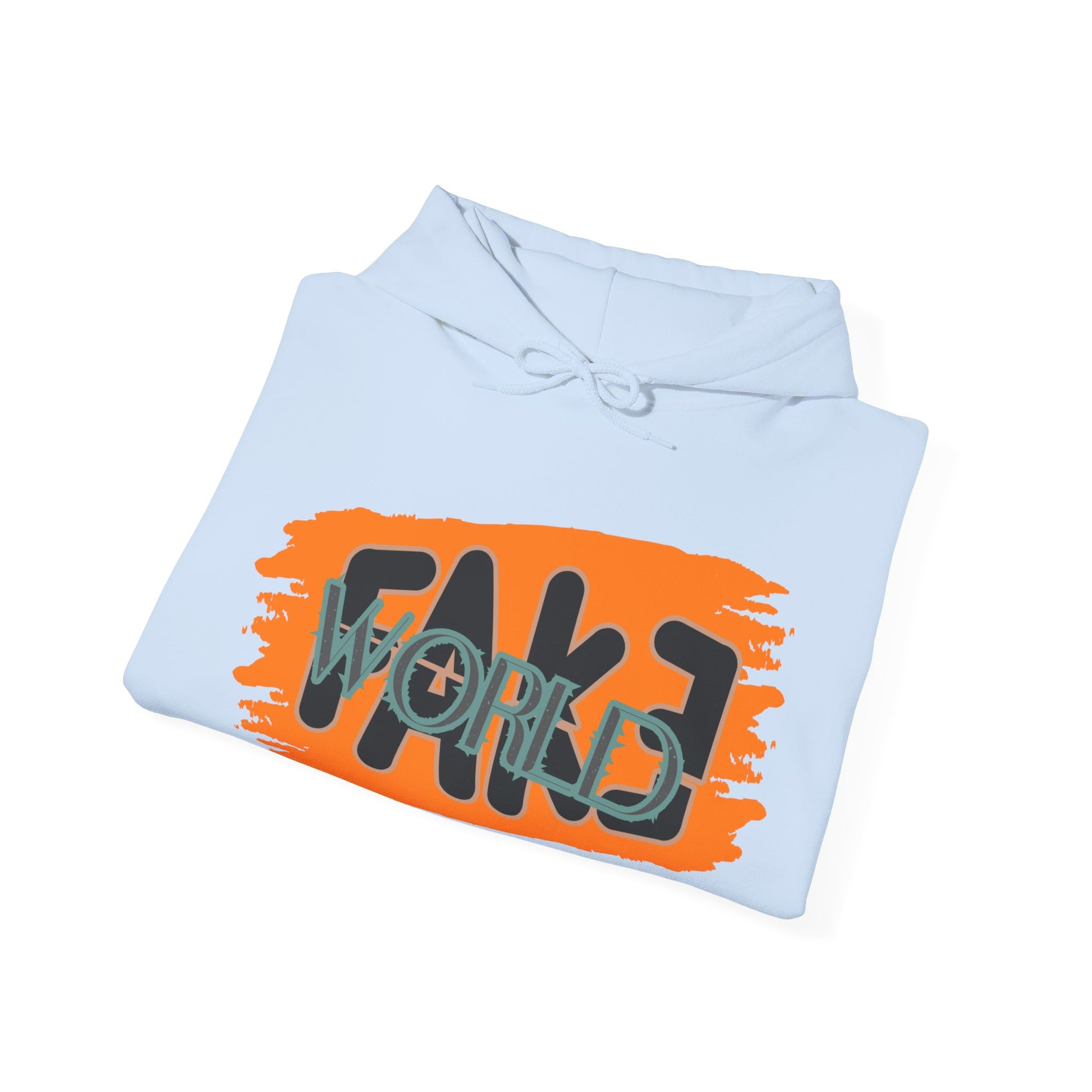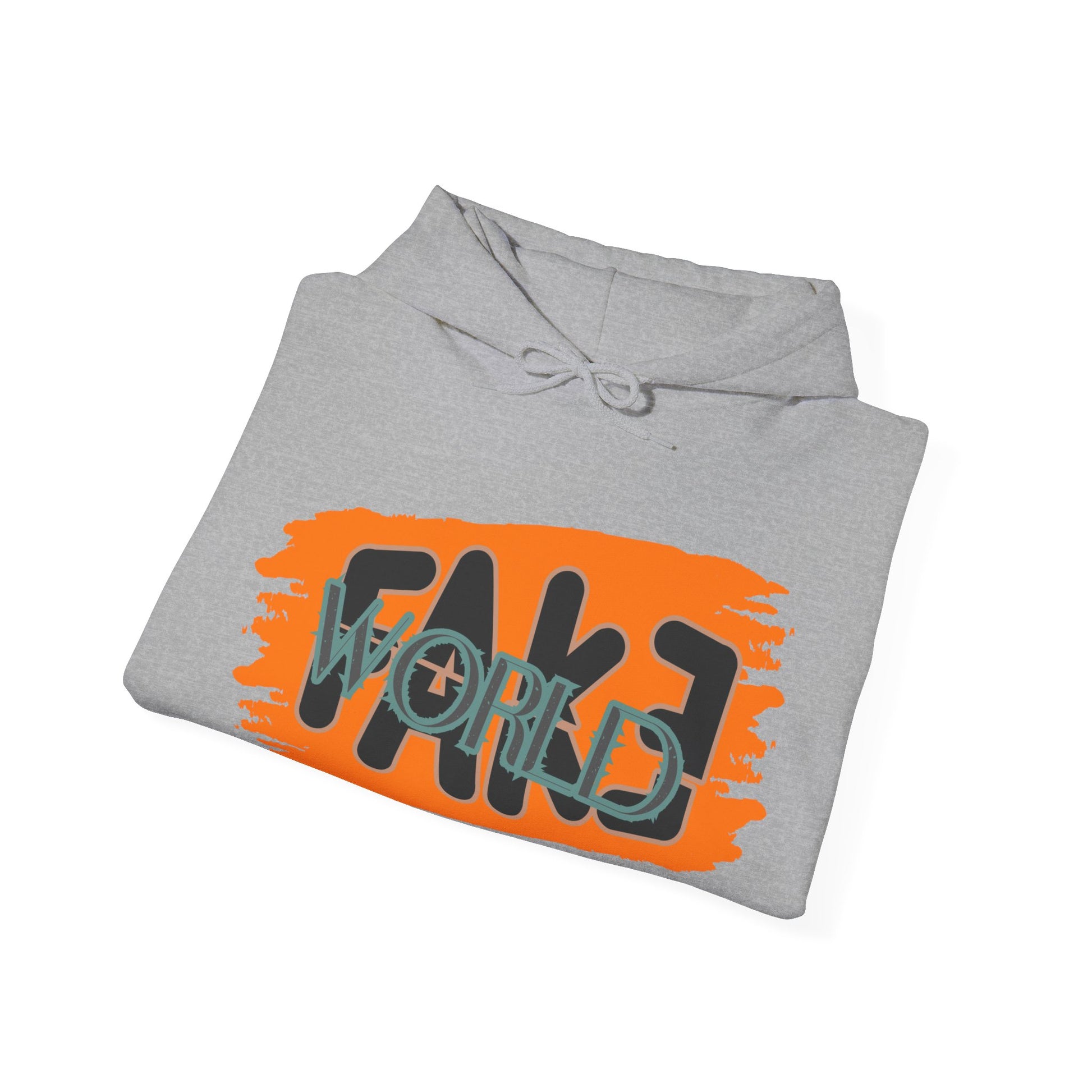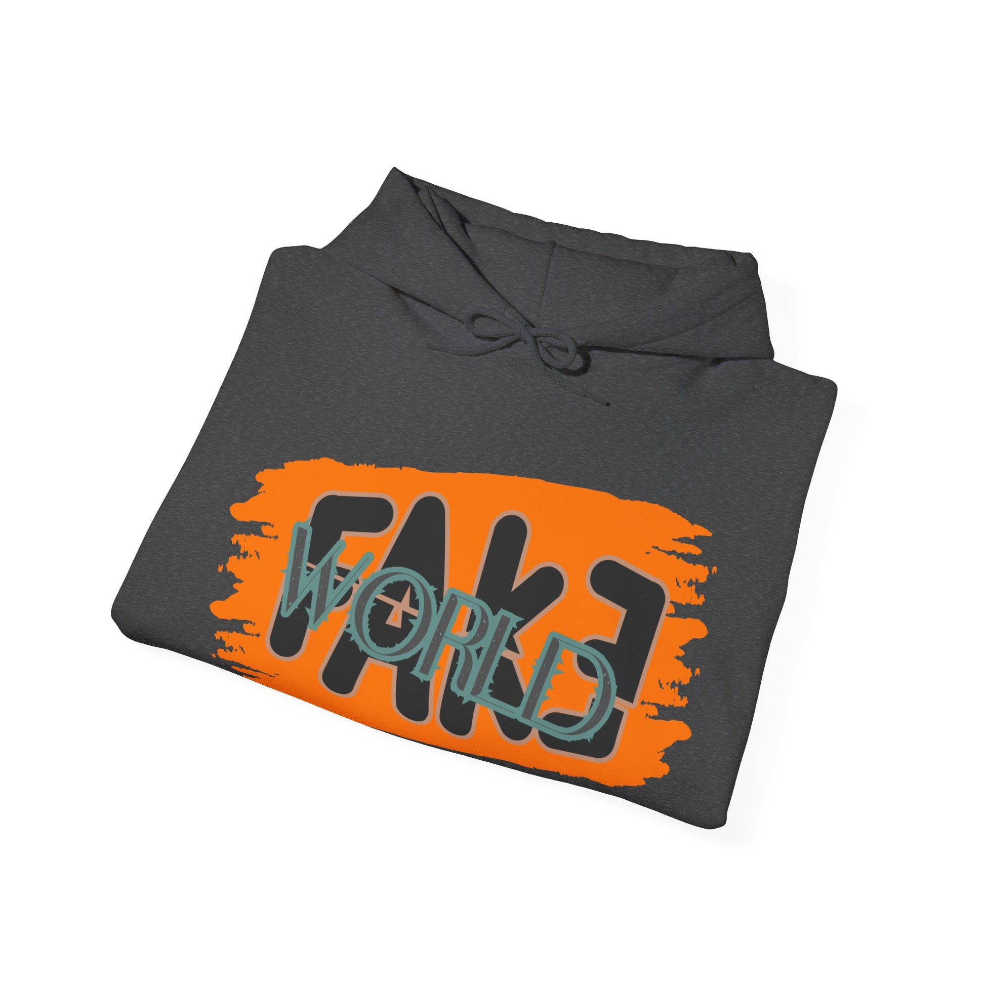 Fake World Graphic Hoodie, Unisex Sweatshirt, Casual Streetwear, Perfect Gift for Friends, Trendy Layering Piece
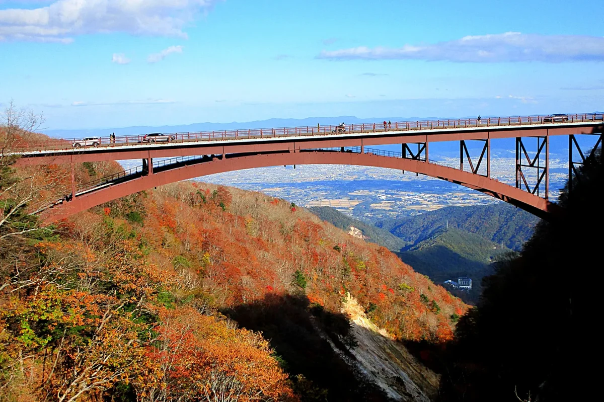 絶景ポイントのつばくろ谷にかかる「不動沢橋」(ツーリングマップル東北 P.24 C-6)からも、すばらしい紅葉が見られる。橋の向こうの、福島市街地の「信夫山」や阿武隈山地の「霊山」も紅葉している。
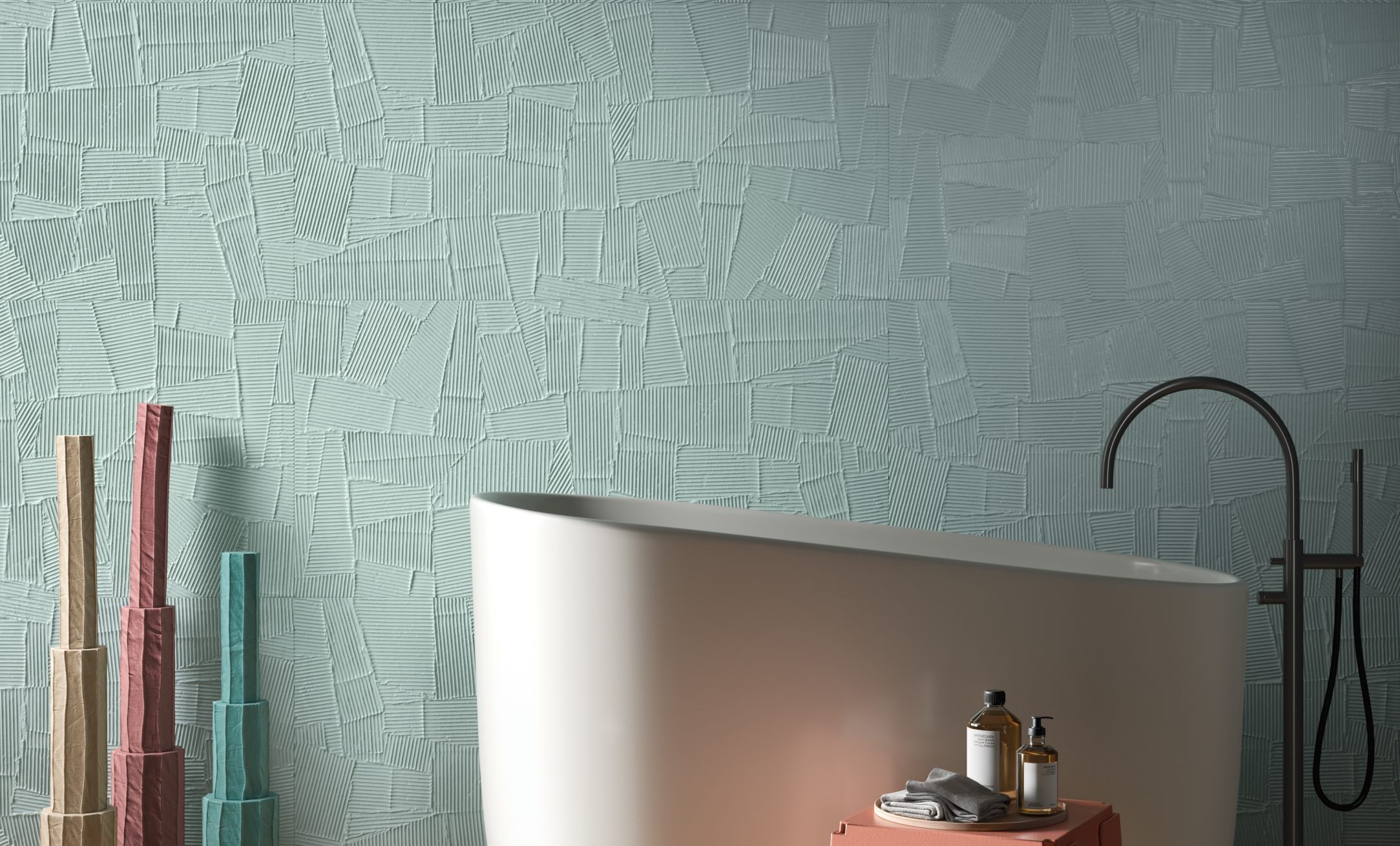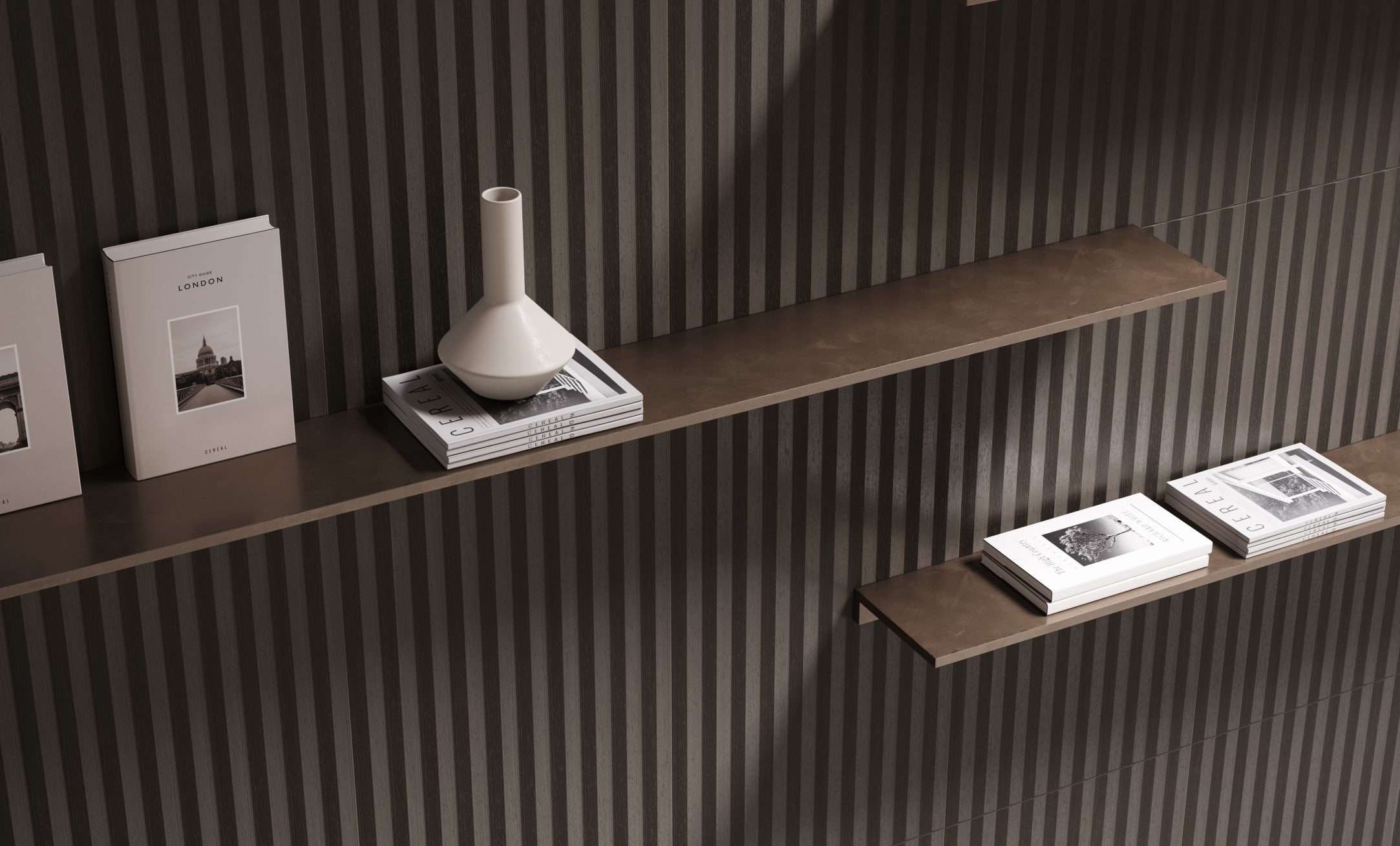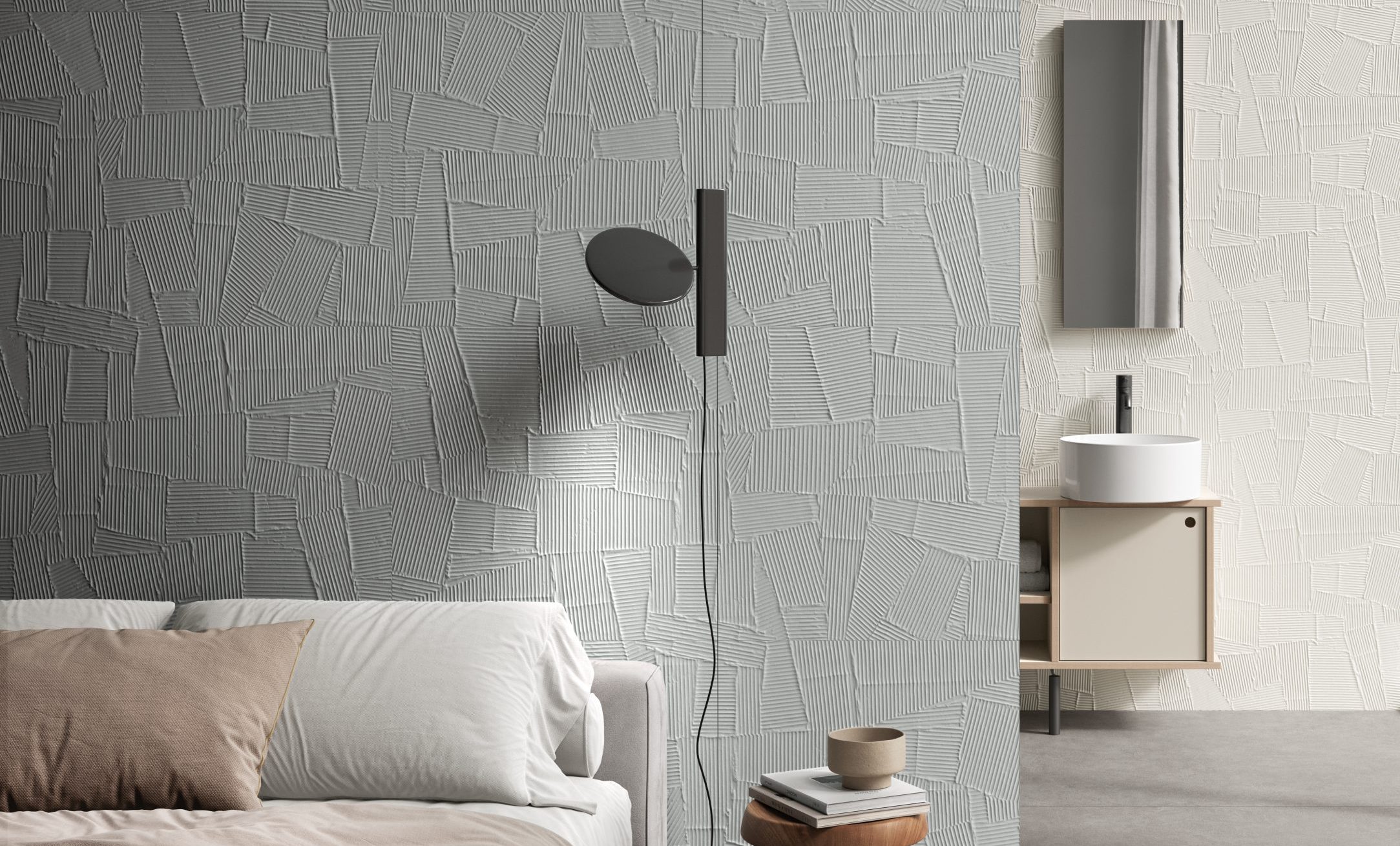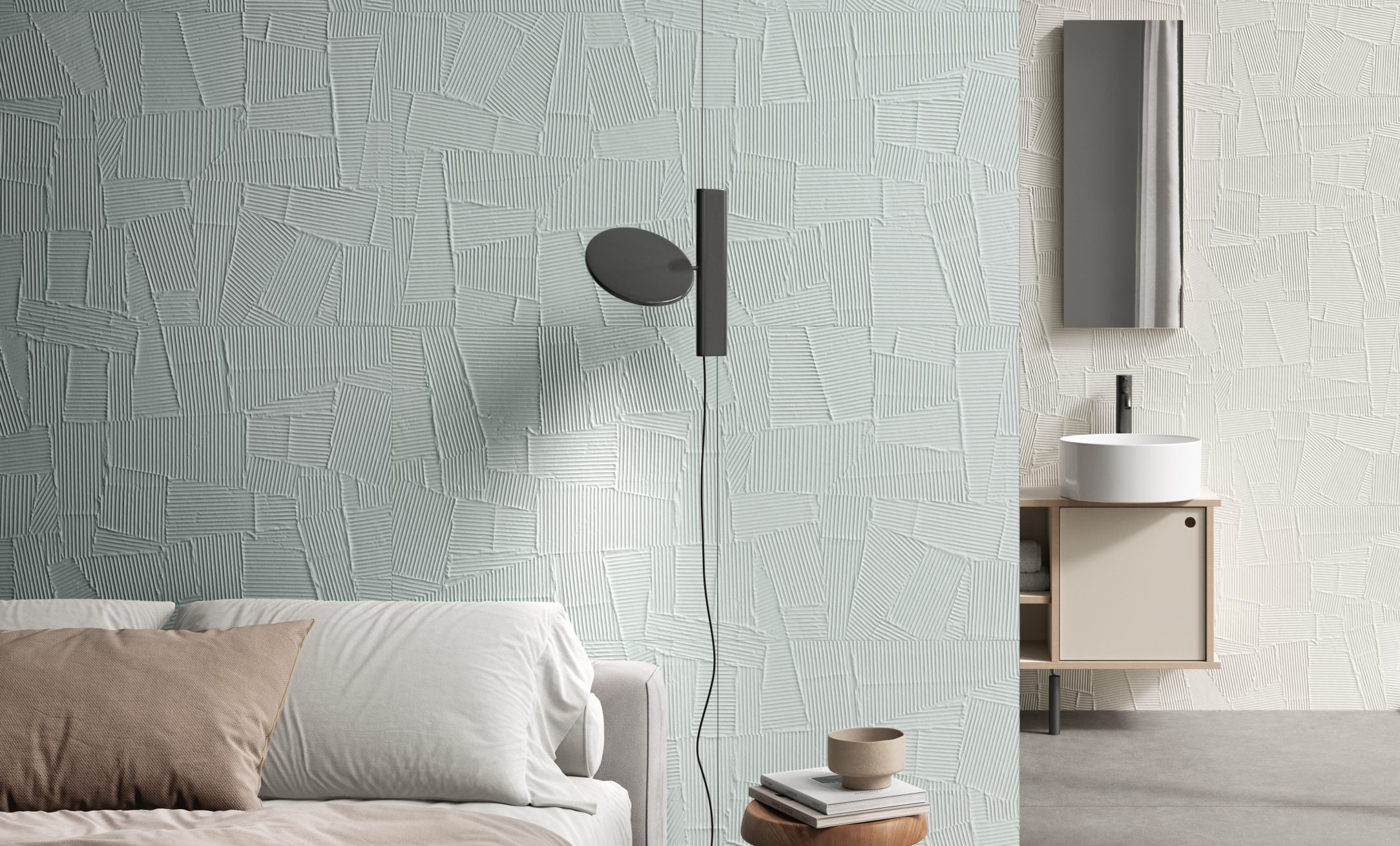 HOMEY arises by the idea of obtaining natural-looking surfaces inspired by the earth, specifically clay with its warm colors and shades ‘ton sur ton’ obtaining a soft surface, ideal for a warm and cozy home. From the clay, pressed in established forms, then dried and fired, are created the bricks of various architectural ornaments used in construction. The Homey collection draws inspiration from these elements and presents two tridimensional textures, a brick shaped (Stripes) available either matte and glossy finish, one with triangular geometries (Canneté) recalling the contemporary wooden boiseries and one celebrating the excellence of Italian handcraftmanship (Paper Clay).
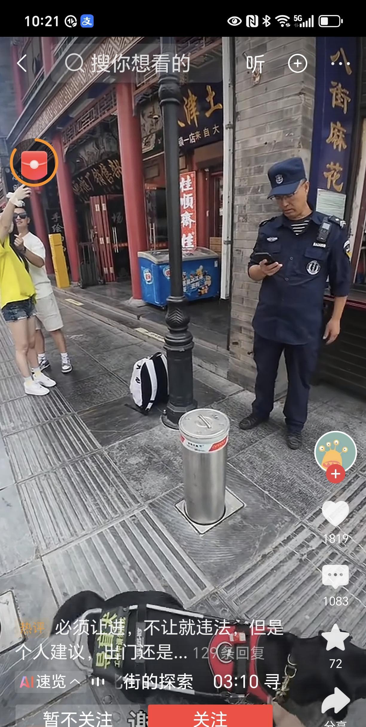 两位盲人在天津踏入一条古香古色的街道时,被保安拦下。这两名盲人解释道:“我们这两

_WORK ITEM:_
Repeat the listing word for word, but without its pictures.

_YOUR SOLUTION:_
 Fake World Graphic Hoodie, Unisex Sweatshirt, Casual Streetwear, Perfect Gift for Friends, Trendy Layering Piece
 絶景ポイントのつばくろ谷にかかる「不動沢橋」(ツーリングマップル東北 P.24 C-6)からも、すばらしい紅葉が見られる。橋の向こうの、福島市街地の「信夫山」や阿武隈山地の「霊山」も紅葉している。
 HOMEY arises by the idea of obtaining natural-looking surfaces inspired by the earth, specifically clay with its warm colors and shades ‘ton sur ton’ obtaining a soft surface, ideal for a warm and cozy home. From the clay, pressed in established forms, then dried and fired, are created the bricks of various architectural ornaments used in construction. The Homey collection draws inspiration from these elements and presents two tridimensional textures, a brick shaped (Stripes) available either matte and glossy finish, one with triangular geometries (Canneté) recalling the contemporary wooden boiseries and one celebrating the excellence of Italian handcraftmanship (Paper Clay).
 两位盲人在天津踏入一条古香古色的街道时,被保安拦下。这两名盲人解释道:“我们这两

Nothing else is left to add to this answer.